Many of the financial sector experts were under the impression that in May the SBP would increase the policy rate. This mindset was evident in PIB auction and SBP stance demonstrated though rejection of all the bids. However, one completely fails to understand the logic behind 25 basis point reduction. If the PML-N government is serious in boosting GDP growth rate, it has to reduce the policy rate minimum by 100 basis points.

It is pertinent to note that SBP last cut the rates by 50bps in September 2015 and since then it has been maintaining status quo in subsequent announcement. SBP forecasts headline inflation (CPI) to remain within targets for the CY16 and going into CY17 to gain upward momentum. However, missed GDP growth target of 5.5% remained major concern and rate cut is expected to help spur growth.
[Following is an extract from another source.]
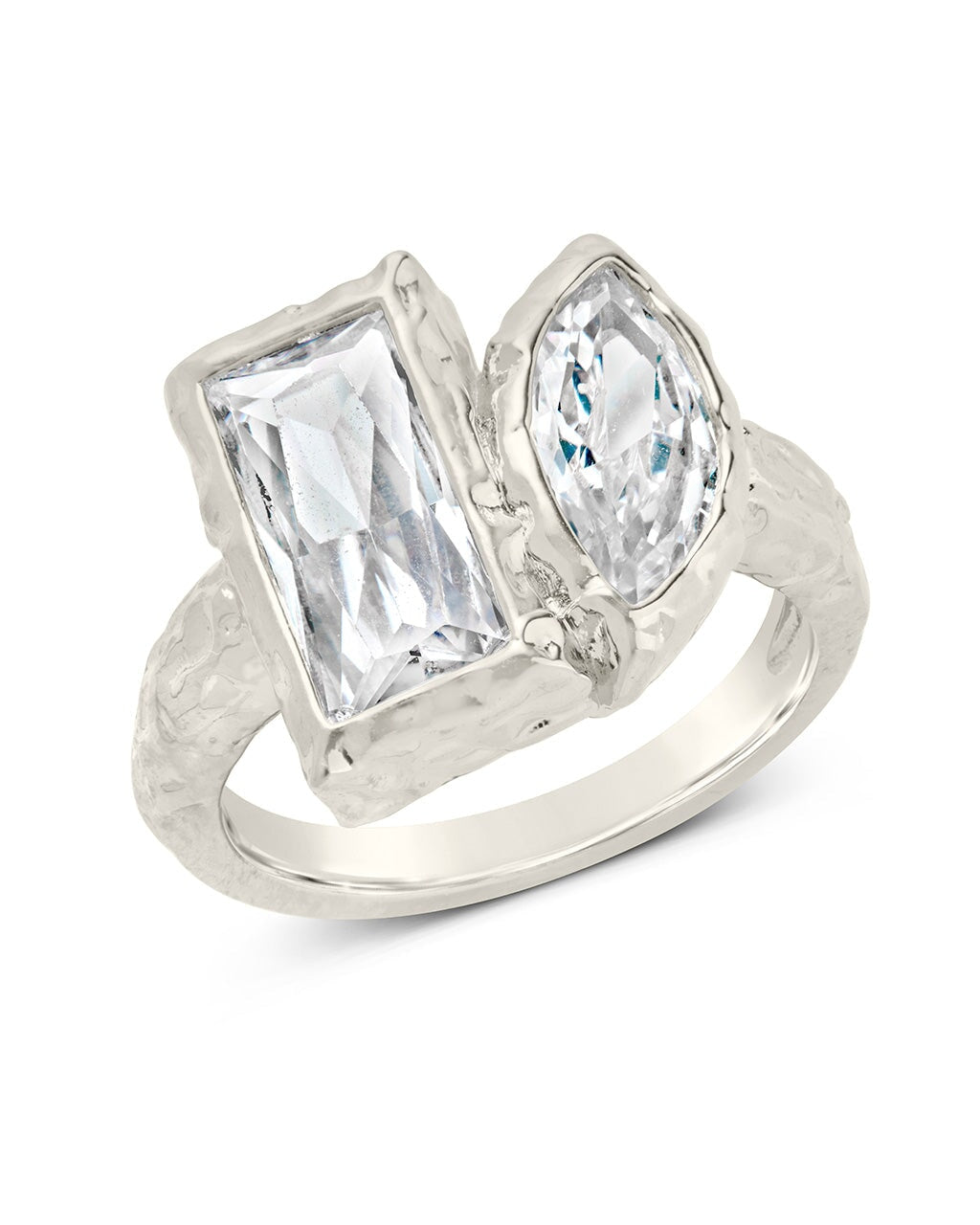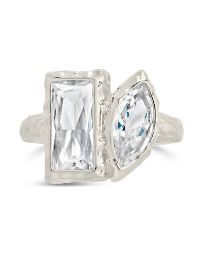 This sweet pair of stones gives this ring something special and unique! You'll love showing off this bold piece with a square and an oval stone. Available in gold and silver tones.

Even though the inflation has been on the rise for past 7 months, SBP expected the outlook to remain low for CY16. However, with rising oil and commodities prices and expected imposition of certain tax measures by the Government in upcoming budget the SBP forecast the inflation to gain upward momentum in CY17.

Large Scale manufacturing (LSM), mainly supported by construction and consumer durables, automobiles, fertilizers, and cement production, grew 4.7% in the July-March CY16 compared to 2.8% a year ago. The growth is expected to gain further on the back of improved electricity and security situation, according to SBP.
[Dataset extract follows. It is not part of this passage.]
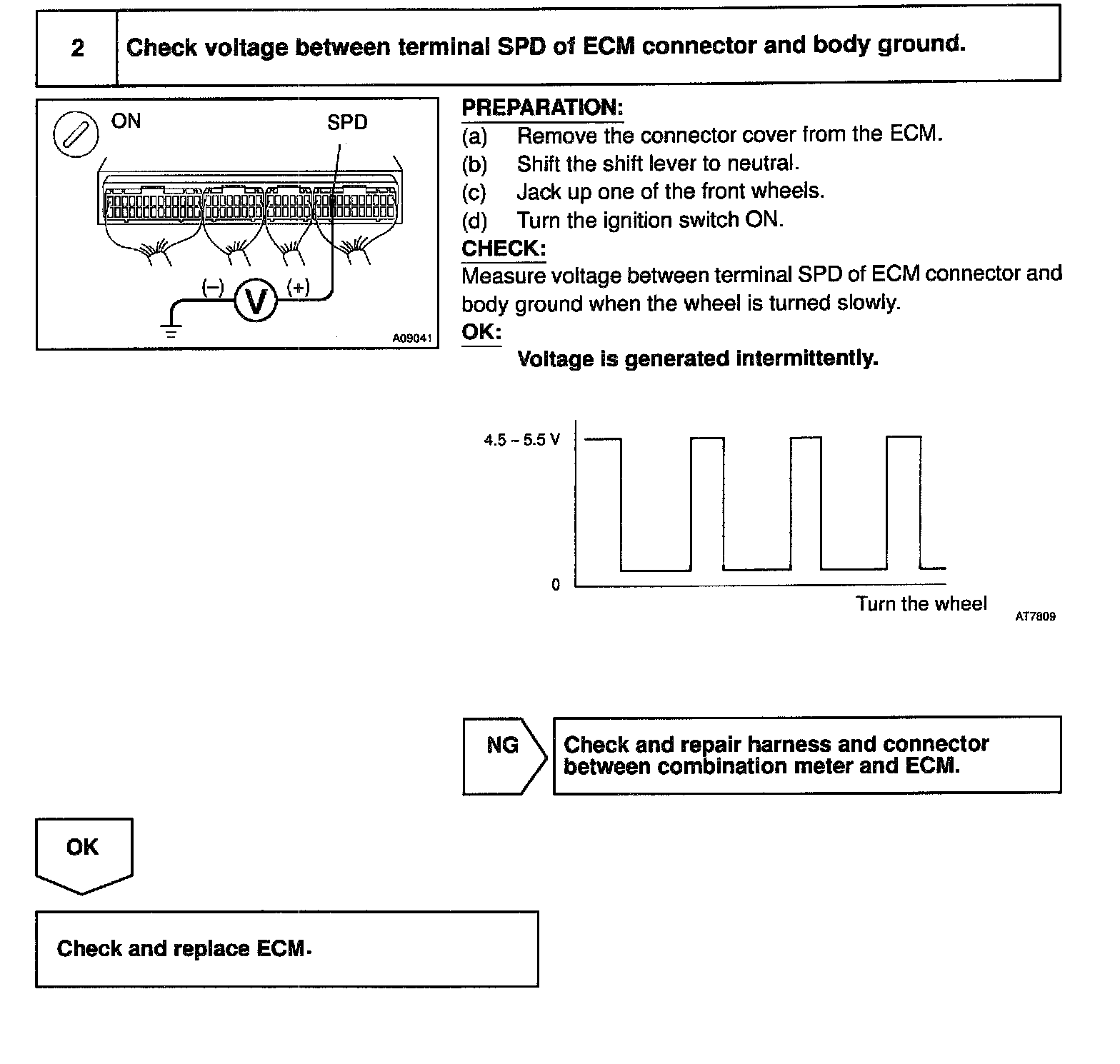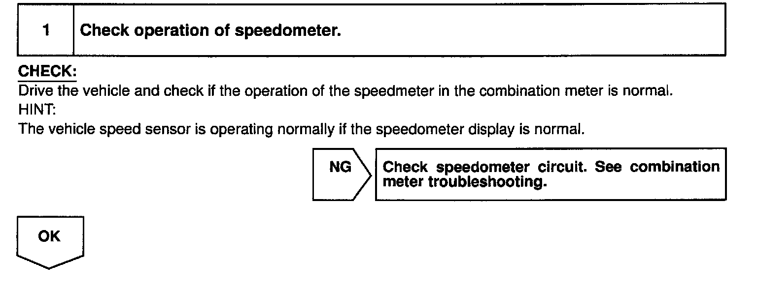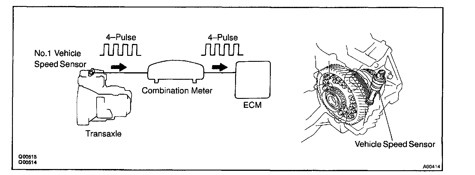 The No.1 vehicle speed sensor outputs a 4-pulse signal for every revolution of the rotor shaft, which is rotated by the transmission output shaft via the driven gear. After this signal is converted into a more precise rectangular waveform by the waveform shaping circuit inside the combination meter, it is then transmitted to the ECM. The ECM determines the vehicle speed based on the frequency of these pulse signals.

SBP also noted stability in balance of payments and upward trajectory in foreign exchange reserves on account of healthy workers’ remittances and lower international oil prices to keep the situation within manageable levels. Furthermore, SBP remained optimistic on external front, likely on account of continued workers’ remittances and bilateral inflows owing to various projects under CPEC.

Equity markets in general would perceive 25bps cut optimistic as it inflates the valuation especially for highly leveraged companies and sectors. Analysts maintain their likeness for cement, fertilizer, textile and other manufacturing base sectors which would remain in limelight going forward. Margins for banking sector are likely to shrink further thus putting banks under pressure. However, their profitability is likely to remain intact due to revaluation gains in PIB’s portfolio.

Some market analysts see room for further reduction of rates, to spur growth. However, many expect SBP to keep rates on hold in near future, owing to rising inflation. A marginal upward move in inflation figures in upcoming months would be in line with SBP estimates. However if those numbers inflate somehow, SBP will have to revisit its rates policy sooner than later.